SUPPLIED DATA below:

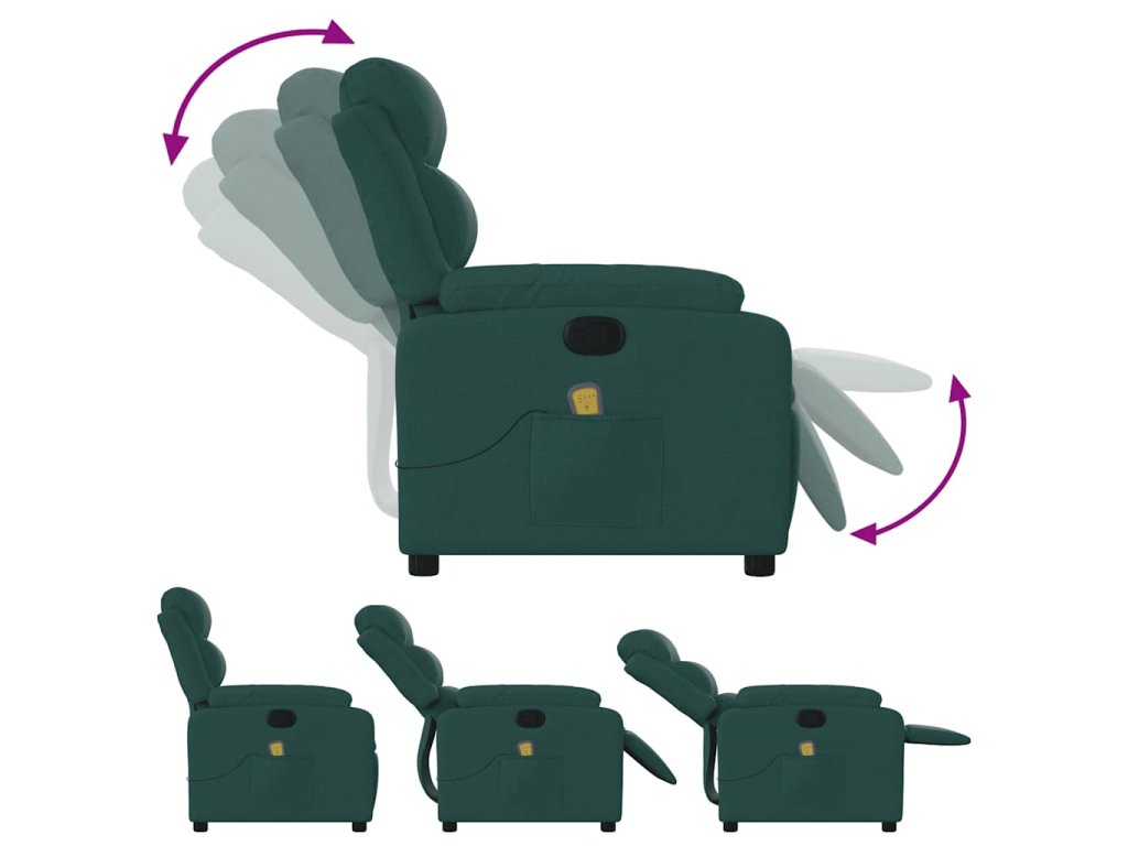 Multidom Sklápacie masážne kreslo tmavozelené látka
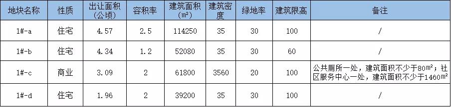 出让面积为139618㎡,容积率1.92,建筑面积为268066.56㎡,总起价63400万元,起始楼面价2365元/㎡,最高使用年限为商服40年,住宅70年。
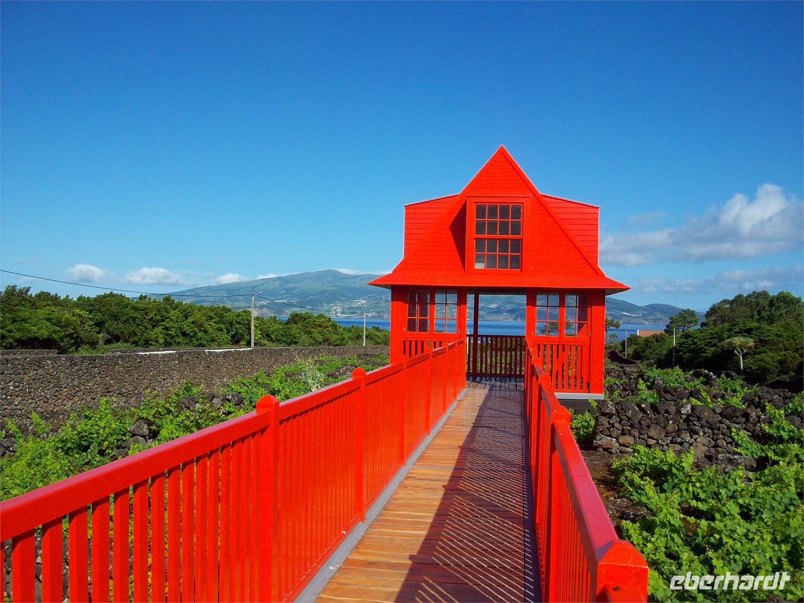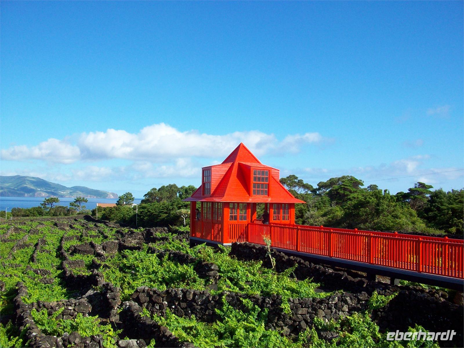 Als nächstes machen wir Stopp in Porto Cachorro. Übersetzt heißt die Stadt "Kleiner Hund". Dieser Name stammt von einer Felsformation am Meer, welche die Form eines Hundekopfes hat. Ich hab hierzu aber noch ein kleines Geheimnis, aber niemanden weiter verraten: Die Ohren des Hundes sind nachträglich erst angeklebt worden! Tststs, die Azoreaner! Ein weiters Naturschauspiel des Ortes ist die Küste mit ihrem wundersamen Lava-Labyrinth von Höhlen, Bögen, Brücken, Schluchten und Becken. Und noch etwas Besonderes gibt es hier, nicht nur das man den leckeren Wein und Likör von Pico kosten kann, nein man kann hier sogar lustige Schürzen mit Kühen erstehen. Da kann selbst ich nicht widerstehen! Pico ist aber nicht nur bekannt für seinen Wein sondern auch für den Walfang. Seit 1984 darf auf den azorischen Insel zwar kein Wal mehr gefangen werden, aber man hat noch immer die Chance eine ehemalige Walverabreitungsfabrik zu begutachten. Dies tun wir in Sao Roque do Pico im "Museu Instudrial da Baleira". Hier lernen wir die einzelnen Schritte der Verwertung kennen und auch welche Produkte daraus hergestellt wurden. Nach einem solchen Erlebnis brauchen wir erstmal einen starken Kaffee! Wieder fit und munter geht unsere Fahrt über das Landesinnere hinweg in den Süden der Insel, nach Lajes do Pico. Und hier haben wir die Möglichkeit

End of SUPPLIED DATA.

■ TASK TO COMPLETE ■
The answer is the whole listing above, written out verbatim, without its pictures.

■ TASK SOLUTION ■
 Multidom Sklápacie masážne kreslo tmavozelené látka
 出让面积为139618㎡,容积率1.92,建筑面积为268066.56㎡,总起价63400万元,起始楼面价2365元/㎡,最高使用年限为商服40年,住宅70年。
 Als nächstes machen wir Stopp in Porto Cachorro. Übersetzt heißt die Stadt "Kleiner Hund". Dieser Name stammt von einer Felsformation am Meer, welche die Form eines Hundekopfes hat. Ich hab hierzu aber noch ein kleines Geheimnis, aber niemanden weiter verraten: Die Ohren des Hundes sind nachträglich erst angeklebt worden! Tststs, die Azoreaner! Ein weiters Naturschauspiel des Ortes ist die Küste mit ihrem wundersamen Lava-Labyrinth von Höhlen, Bögen, Brücken, Schluchten und Becken. Und noch etwas Besonderes gibt es hier, nicht nur das man den leckeren Wein und Likör von Pico kosten kann, nein man kann hier sogar lustige Schürzen mit Kühen erstehen. Da kann selbst ich nicht widerstehen! Pico ist aber nicht nur bekannt für seinen Wein sondern auch für den Walfang. Seit 1984 darf auf den azorischen Insel zwar kein Wal mehr gefangen werden, aber man hat noch immer die Chance eine ehemalige Walverabreitungsfabrik zu begutachten. Dies tun wir in Sao Roque do Pico im "Museu Instudrial da Baleira". Hier lernen wir die einzelnen Schritte der Verwertung kennen und auch welche Produkte daraus hergestellt wurden. Nach einem solchen Erlebnis brauchen wir erstmal einen starken Kaffee! Wieder fit und munter geht unsere Fahrt über das Landesinnere hinweg in den Süden der Insel, nach Lajes do Pico. Und hier haben wir die Möglichkeit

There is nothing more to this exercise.